Ce texte de présentation du monument aux morts de Primelin (29), un monument aux morts pas comme les autres, est extrait de l'ouvrage de Danielle et Pierre ROY « Autour de monuments aux morts pacifistes en France » éditée par la Fédération Nationale Laïque des Associations des Amis des Monuments Pacifistes, Républicains et Anticléricaux édité en 1999 et réédité en 2006



mardi 17 novembre 2015

Quelques photos du rassemblement du 11 novembre 2015 à Primelin






Le 11 novembre 2015 dans la presse

Ouest France le 12 novembre 2015



Le Télégramme le 14 novembre 2015


Discours de la Libre Pensée 29 le 11 novembre 2015


« La liberté commence où l’ignorance finit »

Victor Hugo – Poème Océan dans La Légende des siècles

Amis, Citoyens, Camarades,

Je vous apporte ici le salut fraternel de la Fédération nationale de la Libre Pensée et je remercie les associations amies présentes.

Il y a 101 ans commençait la plus effroyable des guerres qui allait dévaster le monde, le continent européen et les peuples. Le bilan est celui d’une barbarie jamais égalée à l’époque et qui sera amplifiée dans les guerres suivantes.

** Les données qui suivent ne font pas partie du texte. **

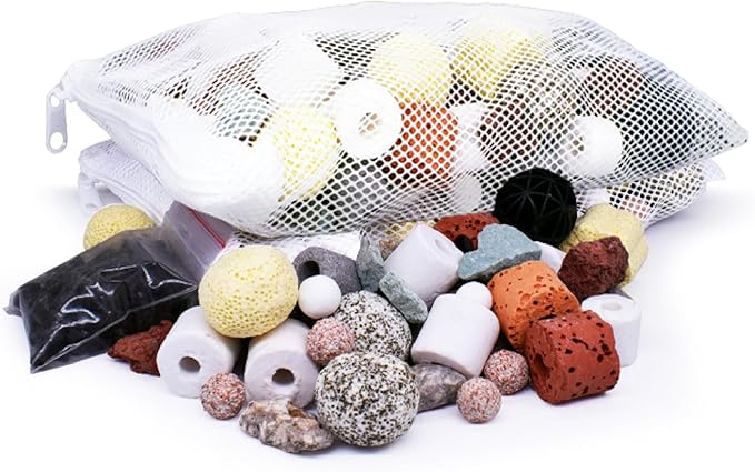 【12種類オールインワン】麦飯石、火山岩、珊瑚、活性炭、バイオボール、セラミックリング等、様々な効果が期待できる12種類のろ材を1パックにまとめました!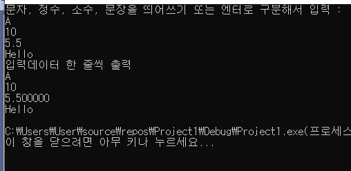 9 printf("문자, 정수, 소수, 문장을 띄어쓰기 또는 엔터로 구분해서 입력 : \n");

Il y eut 70 millions d’hommes mobilisés sous l’uniforme, 10 millions de soldats tués, 9 millions de civils assassinés. Un soldat sur 10 a connu l’emprisonnement dans les camps pendant la guerre. En France, ce sont 1 400 000 de soldats tués, 300 000 civils assassinés et 4 300 000 soldats blessés. La saignée fut telle que la France a perdu un quart de ses hommes de 18 à 24 ans.

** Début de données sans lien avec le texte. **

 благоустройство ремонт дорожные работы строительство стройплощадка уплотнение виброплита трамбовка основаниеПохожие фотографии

La guerre ravageait tous les pays. Par exemple, il y eut entre 2,5 et 5 millions d’Ottomans tués, soit de 20 à 40% de la population de l’Empire. Avant 1914, les Arméniens représentaient 20% de la population anatolienne. Après 1915, ils n’étaient plus que 2%.

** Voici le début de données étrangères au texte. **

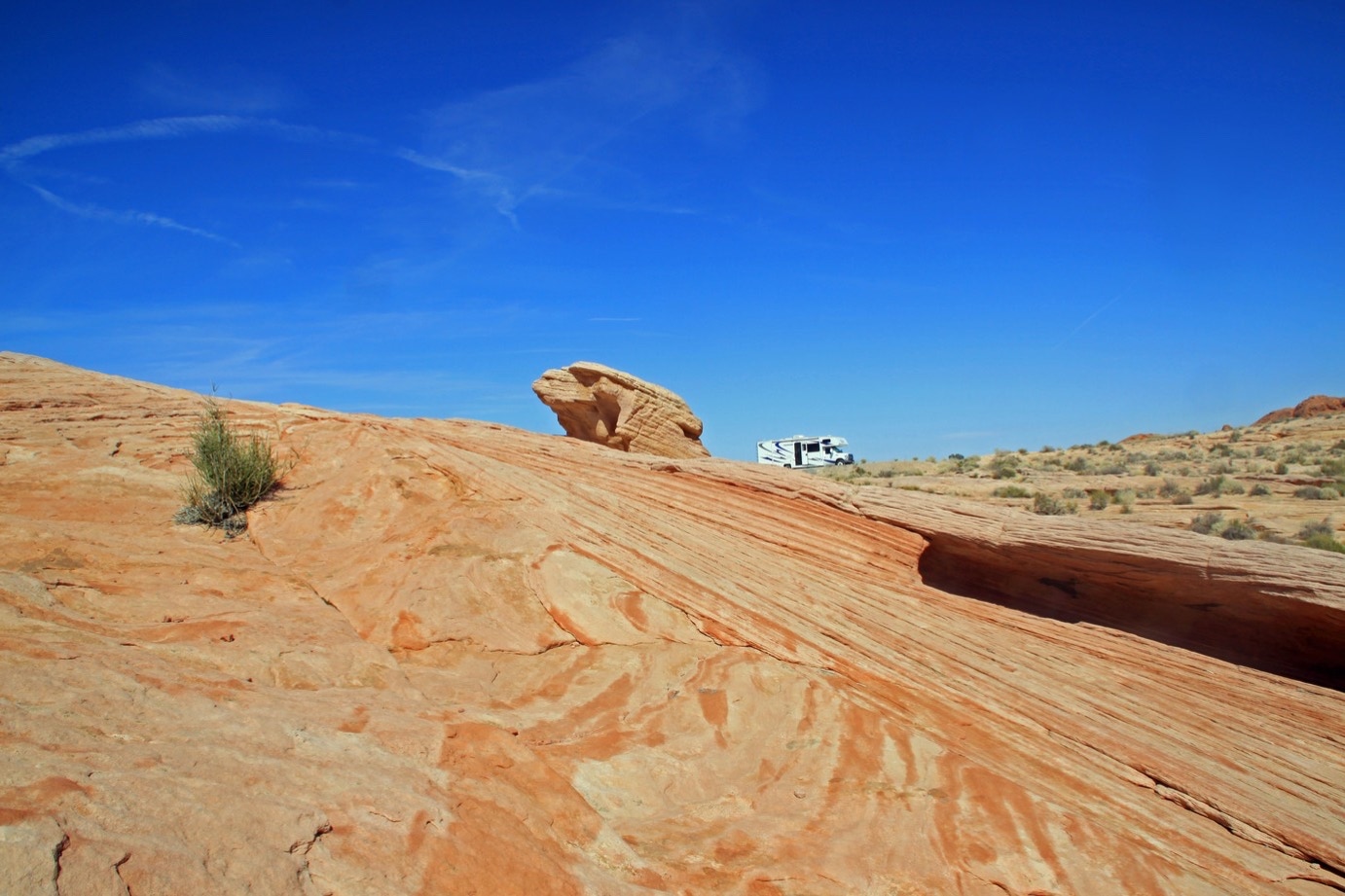 We nemen de afslag naar Valley of Fire, en zijn alweer onder de indruk van het landschap. Vlak voor Valley of Fire, maken we nog een foto stop. Wanneer we op een heuveltje staan en het landschap bekijken, wordt ons duidelijk wat bedoeld wordt met een oorverdovende stilte. Ik heb nooit geweten dat stilte echt oorverdovend kan zijn, en dacht dat het zo maar een uitdrukking was. Maar als je stil staat hoor je echt helemaal niets, terwijl je oren heel hard bezig zijn om toch nog ergens geluid te registreren, maar er is gewoon geen geluid. Een geweldige ervaring wederom

Il y a 101 ans, les économies et les pays furent ruinés dans cette gigantesque barbarie. Les dépenses de guerre représentaient, durant le conflit, un quart des budgets des Etats en conflit. Le paradoxe, mais en est-ce un véritablement ?,  est que cette guerre fut d’abord européenne et déboucha sur la ruine de l’Europe. Deux géants allaient naître de ce conflit : les États-Unis et la Russie soviétique.

Les Etats-Unis d’Amérique furent les véritables gagnants de ce conflit. Avant-guerre, ils étaient classés économiquement derrière le Portugal et militairement, ils furent battus par Pancho Villa dans le conflit avec le Mexique. Après la Première Guerre mondiale, ils commençaient à dominer le monde et à imposer leurs intérêts sur tous les continents.
Le capitalisme portait en lui la guerre comme la nuée porte l’orage.

Mais de cette guerre abominable allait aussi naître le mouvement des peuples qui, des décennies plus tard, mettrait en branle l’indépendance de l’Afrique du Nord, de l’Afrique noire et de l’Asie. Les troupes dites coloniales, soit 600 000 hommes, avaient pu mesurer les faiblesses des armées impérialistes. Les colonisés engageaient un mouvement où ils allaient surmonter leur peur pour gagner leur liberté.

Il y a 101 ans, durant tout le conflit, des centaines de milliers de chinois, d’indochinois, de marocains, de tunisiens, d’algériens et de malgaches furent littéralement déportés de leurs pays d’origine pour travailler dans les usines à l’arrière du front. Ils avaient interdiction de se mélanger aux autres travailleurs, car le Service des travailleurs coloniaux au Ministère de la guerre craignait, je cite textuellement : « qu’ils ne prennent goût aux boissons fortes et aux femmes blanches et ne découvrent les grèves et les syndicats ». Pas de chance ! C’est ce qui arriva précisément.

Dans le déclenchement du conflit les torts furent largement partagés entre l’Allemagne et l’Autriche-Hongrie d’un côté et la Triple Alliance (France, Grande –Bretagne, Russie) de l’autre. Chacune des puissances voulaient gagner des parts de marchés et accroitre sa domination coloniale sur les peuples opprimés. On croyait mourir pour la Patrie, on mourait pour les industriels.